In many ways GMODWeb was designed as a bridge between these different types of MOD tools by providing a generic framework for both browsing and searching model organism data. However, there are several key differences with existing tools. GMODWeb is based on a development framework designed to build websites for specific model organism communities, some of which are not currently served by existing tools such as the UCSC browser. Since Turnkey provides a complete development environment, GMODWeb can be used as a starting point for sophisticated MOD web applications. While GMODWeb is built using the Chado schema, which can model most MOD data and already provides load scripts, the underlying Turnkey tools can also be used to auto-generate websites for other schemata. This makes the integration of other datasets extremely easy since websites for each database can be auto-generated using Turnkey. In contrast, in systems such as FlyMine and other biological data query tools, data must be imported into a common underlying warehouse schema using source definitions that explicitly document the relationships within and between the datasets. Finally, most of the tools compared here are optimized for read only operations. Since GMODWeb includes a full MVC Turnkey framework, applications can be created that include database write back. GMODWeb, for example, includes the ability to update records in a Chado database in addition to browsing and searching them. At their cores, Turnkey and GMODWeb are a development environment and a starting point, respectively, for building cohesive, community driven MOD websites. In contrast, tools such as FlyMine are querying environments geared towards searching across disparate datasets. Each of these projects have distinct, yet complementary, uses.

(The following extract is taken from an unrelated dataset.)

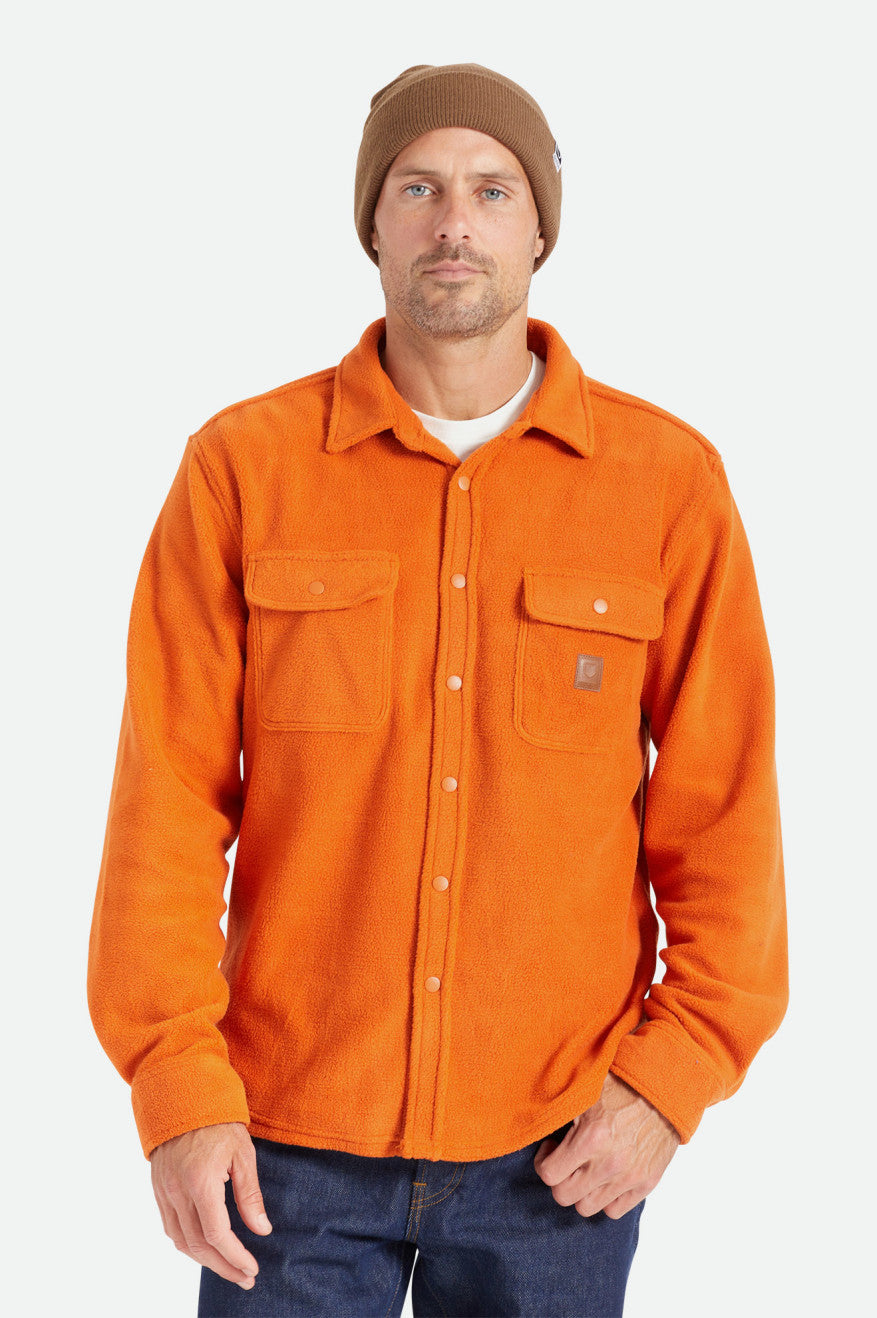 The Bowery L/S Arctic Stretch Fleece is a casual flannel designed for no-fuss layering. It has a relaxed fit elevated with dual snap chest pockets and a vegan leather patch. The medium-weight recycled fleece blend has been treated with a softener wash for that well-worn feeling.

The Turnkey framework also shares functionality with other generic web development projects. Ruby on Rails [50], Catalyst [51], and Struts/Hibernate [52,53] are just three examples of popular web development frameworks (in Ruby, Perl, and Java, respectively). Each attempts to reduce the time consuming development tasks associated with creating sophisticated web applications. What sets Turnkey apart from other open source solutions is its excellent support for code generation. Tools such as Ruby on Rails and Catalyst include scripts to generate code skeletons but Turnkey is able to use SQL::Translator to create a complete website with only the SQL schema as a starting input. The ability to detect relationships between tables in a database schema and correctly model that in a web application makes Turnkey a valuable generic development tool. In its current release, Turnkey generates its own mod_perl-based web framework. However, the inherent design in no way limits the project to generate exclusively Perl code. In fact, experimental Struts/Hibernate support has been added to the Turnkey project, meaning future version will be able to produce both Perl- and Java-based web applications. In this way, Turnkey does not compete with any of the available website frameworks but acts, instead, as a framework code generation tool.

Challenges

One of the challenges for any software based on MDA techniques is balancing auto-generated code tied to a particular underlying schema with customized layouts for creating compelling and effective user interfaces. Turnkey, the technology underlying GMODWeb, attempts to solve this limitation by providing a mechanism for bundling specialized skins with an auto-generated website. Since most of the website is automatically created, designers can focus on the quality of the user interface and not on the underlying rendering code. In GMODWeb this translated to extensive customization of the default feature templates. The adoption of GMODWeb by the ParameciumDB project spurred the development of extensive template customizations, which have since been incorporated in the GMODWeb distribution. As additional MODs adopt GMODWeb, we envision the availability of a large library of site-specific customized templates, which can be adopted, altered and expanded by subsequent MOD projects.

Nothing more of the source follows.